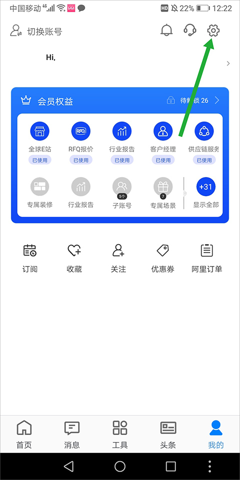 进入【我的】页面中点击右上角的设置图标(下图绿色箭头所指)
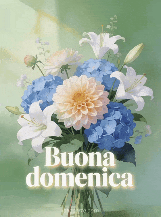 Condividi un saluto elegante di domenica con una composizione floreale spettacolare di dalie, ortensie blu e gigli bianchi su uno sfondo verde delicato. Puoi anche inviare buona domenica messaggio o buongiorno buona domenica.
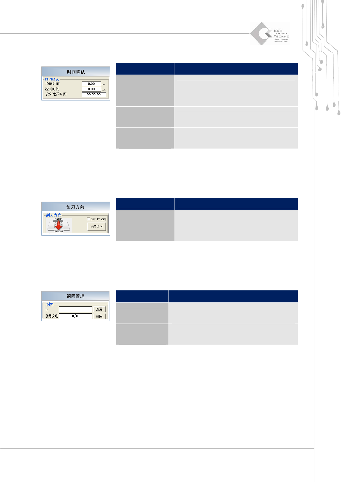 40 | 第 4 章 3D Inspector TM 版本 1.2 K OH Y OUNG T ECHNOLOGY I NC . 2.7. 检测状态显示 检测状态显示位于 3D Inspector™ 的右侧和下方。详 细说明如下所示。
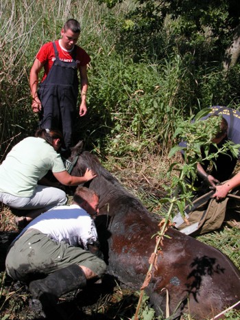 Mit Hilfe der Feuerwehr kann das Pferd gerettet werden |
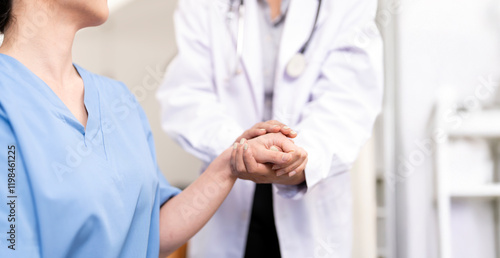 Cropped shot of a female nurse hold her senior patient's hand. Giving Support. Doctor helping old patient with Alzheimer's disease
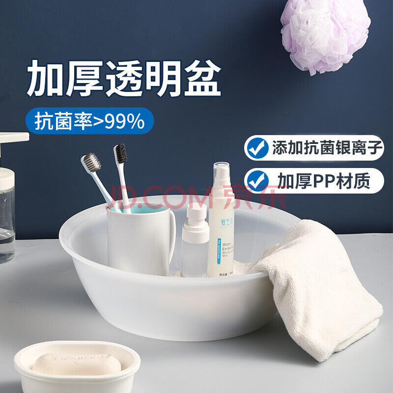 商品相册:茶花 抗菌洗脸盆26.5cm1只装塑料盆婴儿儿童洗衣服内裤通用盆圆盆第

_____

All lines from the one containing "Cropped shot of" to the last line of the data above, both included, should be printed exactly, and the pictures should not appear.

WORKED SOLUTION
 Cropped shot of a female nurse hold her senior patient's hand. Giving Support. Doctor helping old patient with Alzheimer's disease
 商品相册:茶花 抗菌洗脸盆26.5cm1只装塑料盆婴儿儿童洗衣服内裤通用盆圆盆第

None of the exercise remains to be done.